Thursday, March 01, 2007

Social Engineering

So I tell a co-worker that Paris Hilton's hacker is going to jail. That led to reading about how they hacked into Paris Hilton's cell phone. Which leads to the topic of today's post.

Apparently, hackers use social engineering to get initial information, rather than high tech means. From there, they can do damage, but the first steps? They call up a service center and bluff their way into getting sensitive information.

Why am I bothering to write about this?

Somehow, in the past 15 years when cell phones became fairly ubiquitous, the line between personal and professional blurred. You have NO idea how many phone calls A DAY I get, WITHOUT a person identifying themselves, asking for someone's cell phone number.

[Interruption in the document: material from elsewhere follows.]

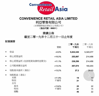 利亞零售2019年營業(yè)額增長5.9% 凈利潤增長13.3%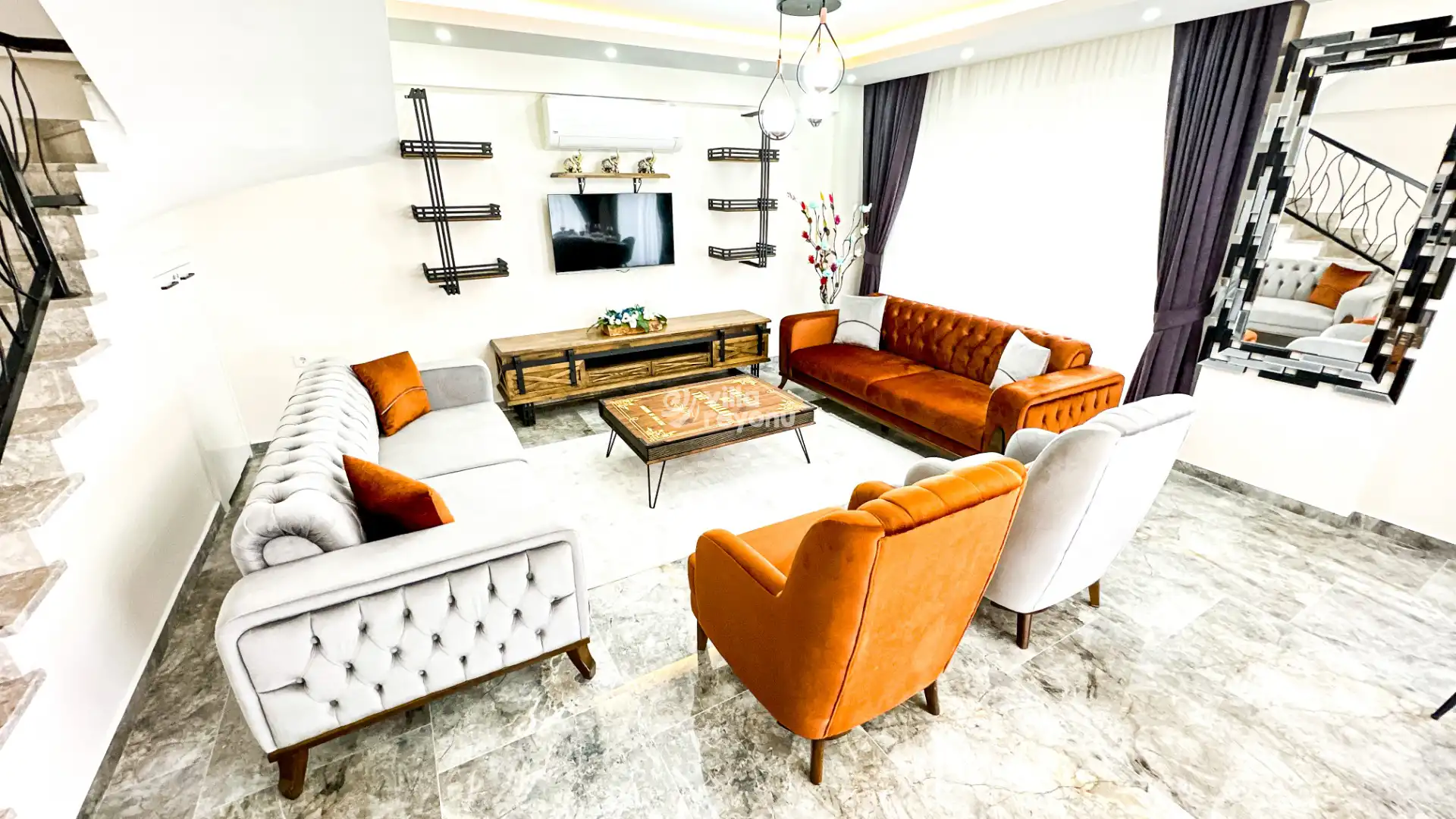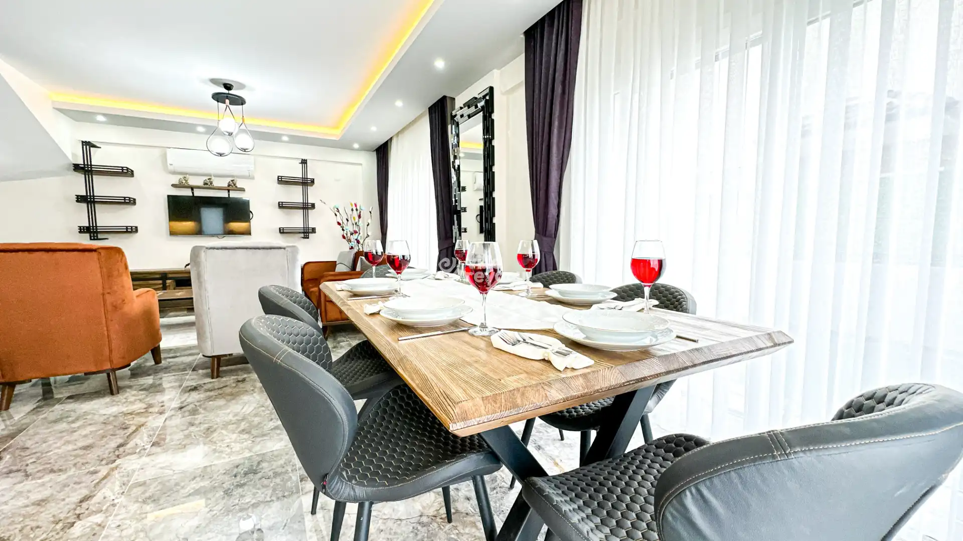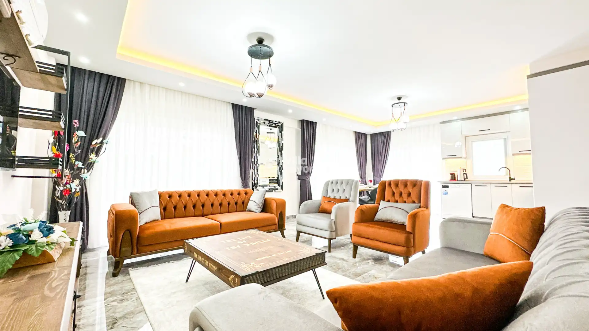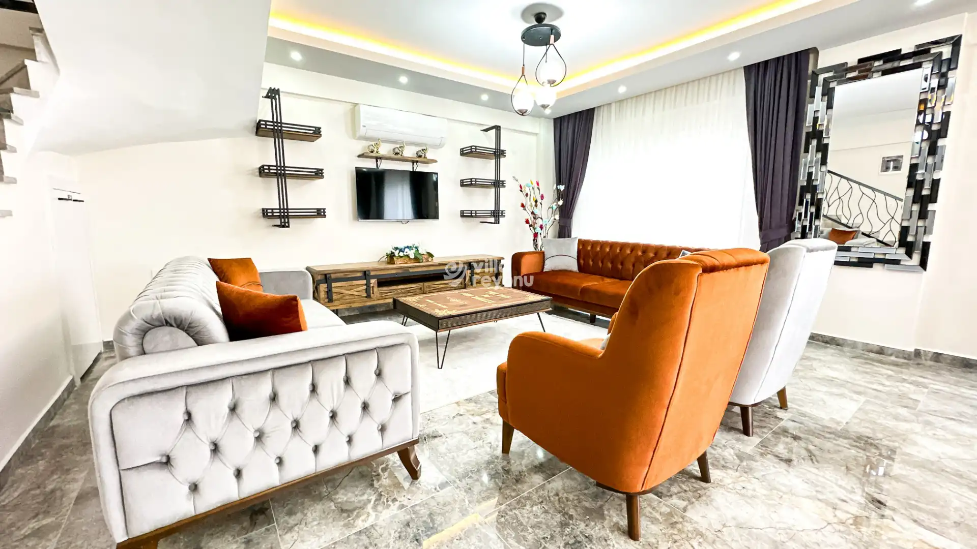 Bu evin resimleri sitemizde yer alan diğer evlerin resimleri gibi görüntüyü ekrana sığdırmak amacıyla, geniş açılı lens ve profesyonel fotoğraf makinaları ile çekilmektedir. Bu nedenle resimler üzerinde yer alan objeler gerçeğinden daha büyük olarak görülebilmektedir.

"I'm trying to reach so and so, can you give me their cell number?"


"Umm, you don't understand, I really need to reach so-and-so. I used to have their cell phone number and I can't find it. What is it?"

"Sir, for all I know, you may be Max the Axe Murderer or worse, the IRS. I do not give out cell phone numbers."

"OH! Well, I'm so-and-so, working with so-and-so on this."

"Thank you for the clarification, sir, but I don't give out personal cell phone numbers. I can call him if you wish and have him call you, and HE can give you his cell phone number, but I don't."


"Fine, here is my number. Tell him to call me immediately."

Want to know what's funny? 9 times out of 10, I call the cell-phone and get voice mail.

I am NOT at all surprised that these service centers are so easily hoodwinked, if the above example is at all representative of the expectations of callers.